There are several implications of these findings for clinicians as they consider the use of NOACs in patients at risk for cardiovascular events. While it is possible that dabigatran may be associated with a higher incidence of myocardial infarction when compared with warfarin, observational studies of dabigatran in a clinical setting have not found an association. There are no indications that NOACs, as a class, increase the risk of myocardial infarction. In patients at high risk of coronary events, preference may be given to the use of a NOAC other than dabigatran; however, it appears that the risk of myocardial infarction with dabigatran, if present at all, is likely very small.

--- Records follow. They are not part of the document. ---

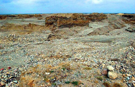 △曾经贺兰山非开采区内被挖得千疮百孔的土地(新华社记者王广壮 摄)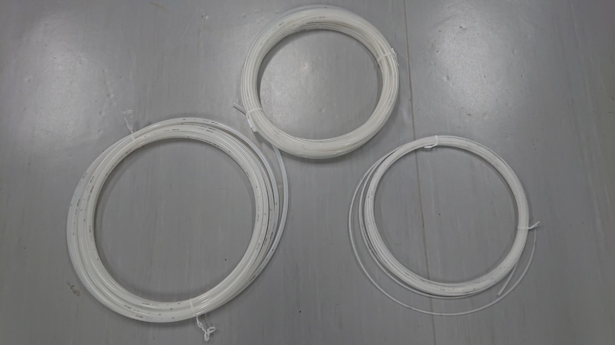 - 制御盤への配管は,硬質のナイロンチューブを継手径に合わせて三種類使用しました.配管は圧力載荷時に膨張があるので,基本は短く最短ルートで巡らす必要があります.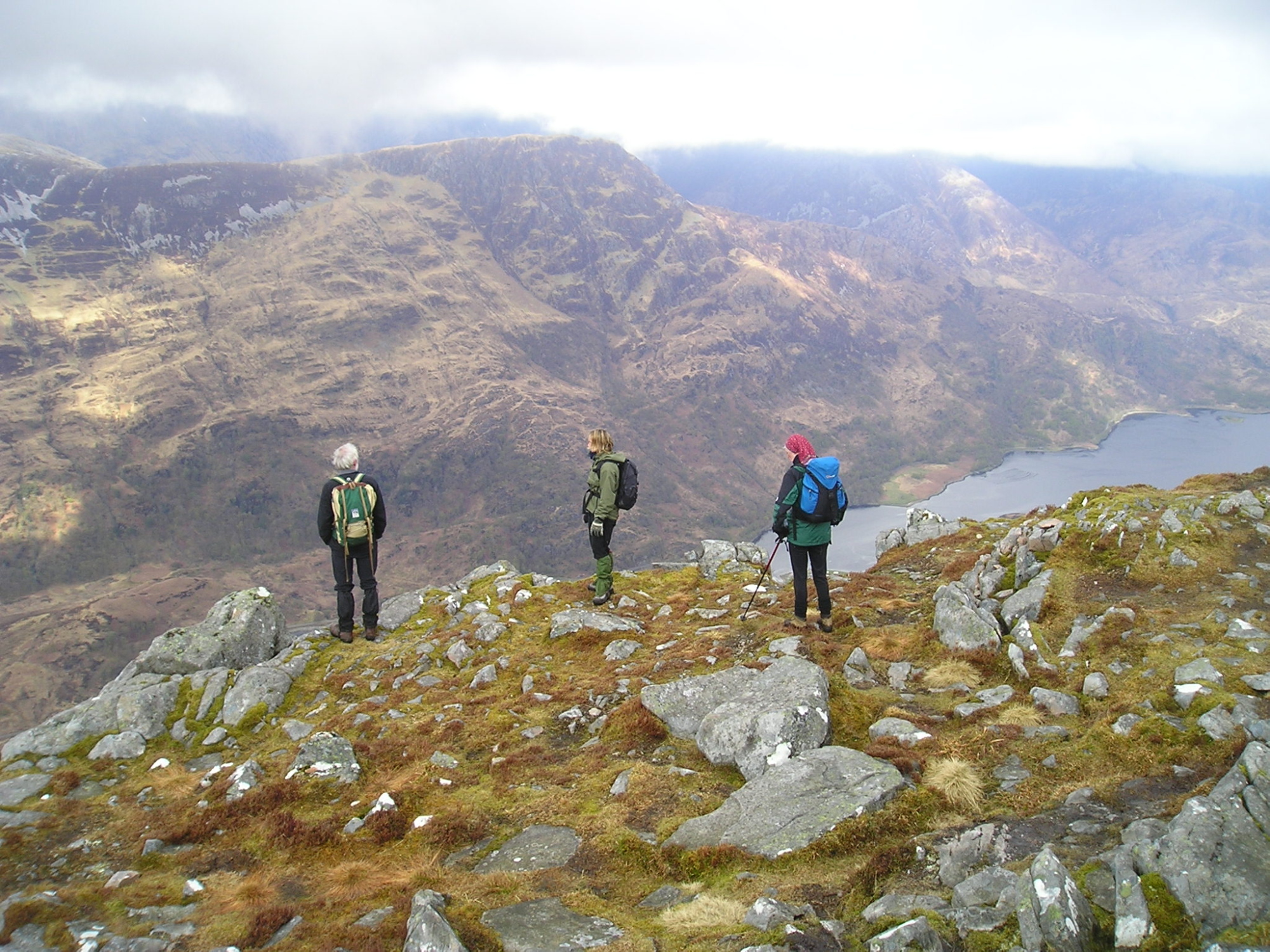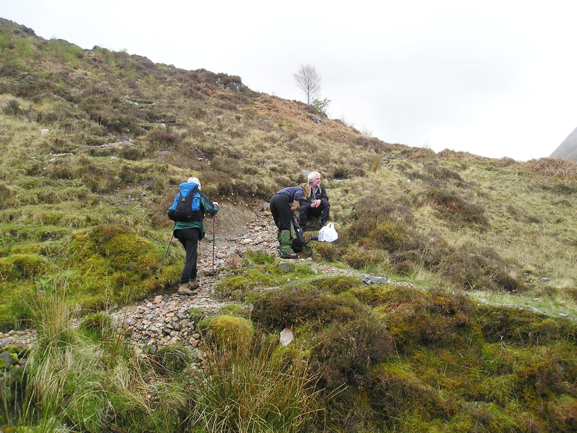 The summit is rounded, and much bigger than the views from Ballachulish might have suggested.  For many, the way up is also the way down, but on our trip we located a narrow path descending to the west.  This gets steep in places, but never in a life threatening way!  As well as bringing in a bit of variety, the views down to Glencoe Village and Loch Leven are constantly changing,  It’s good, though, when the descent finally starts to level out towards the footbridge near the start.

Table 1: Myocardial Infarction in Mega Trials of Novel Anticoagulants
	NOAC		Warfarin
	Total Events	Event Rate (%/yr)	Total	Event Rate (%/yr)	Hazard Ratio	P-Value
RE-LY
Dabigatran 110 mg	98/6015	0.82	75/6022	0.64	1.29 (0.96-1.75)	0.09
Dabigatran 150 mg	97/6076	0.81	75/6022	0.64	1.27 (0.94-1.71)	0.12
ROCKET AF	101/7131	0.91	126/7133	1.12	0.81 (0.63-1.06)	0.12
ARISTOTLE	90/9120	0.53	102/9081	0.61	0.88 (0.66-1.17)	0.37

References

1. Connolly SJ, Ezekowitz MD, Yusuf S, et al.: Dabigatran versus warfarin in patients with atrial fibrillation. N Engl J Med 2009;361:1139-1151.
2. Hohnloser SH, Oldgren J, Yang S, et al.: Myocardial ischemic events in patients with atrial fibrillation treated with dabigatran or warfarin in the RE-LY (Randomized Evaluation of Long-Term Anticoagulation Therapy) trial. Circulation 2012;125:669-676.
3. Patel MR, Mahaffey KW, Garg J, et al.: Rivaroxaban versus warfarin in nonvalvular atrial fibrillation. N Engl J Med 2011;365:883-891.
4. Granger CB, Alexander JH, McMurray JJ, et al.: Apixaban versus warfarin in patients with atrial fibrillation. N Engl J Med 2011;365:981-992.
5. Uchino K, Hernandez AV: Dabigatran association with higher risk of acute coronary events: meta-analysis of noninferiority randomized controlled trials. Arch Intern Med 2012;172:397-402.
6. Sipahi I, Celik S, Akyol A: Dabigatran's 'Real-World' Data About Risk of Myocardial Infarction and Gastrointestinal Bleeding Contradicts With Randomized Trials. J Am Coll Cardiol 2013;62:945-946.
7. Oldgren J, Budaj A, Granger CB, et al.: Dabigatran vs. placebo in patients with acute coronary syndromes on dual antiplatelet therapy: a randomized, double-blind, phase II trial. Eur Heart J 2011;32:2781-2789.
8. Wallentin L, Wilcox RG, Weaver WD, et al.: Oral ximelagatran for secondary prophylaxis after myocardial infarction: the ESTEEM randomised controlled trial. Lancet 2003;362:789-797.
9. Larsen TB, Rasmussen LH, Skjoth F, et al.: Reply: Dabigatran's 'Real-World' Data About Risk of Myocardial Infarction and Gastrointestinal Bleeding Contradicts With Randomized Trials. J Am Coll Cardiol 2013;62:946-947.
10. Hurlen M, Abdelnoor M, Smith P, et al.: Warfarin, aspirin, or both after myocardial infarction. N Engl J Med 2002;347:969-974.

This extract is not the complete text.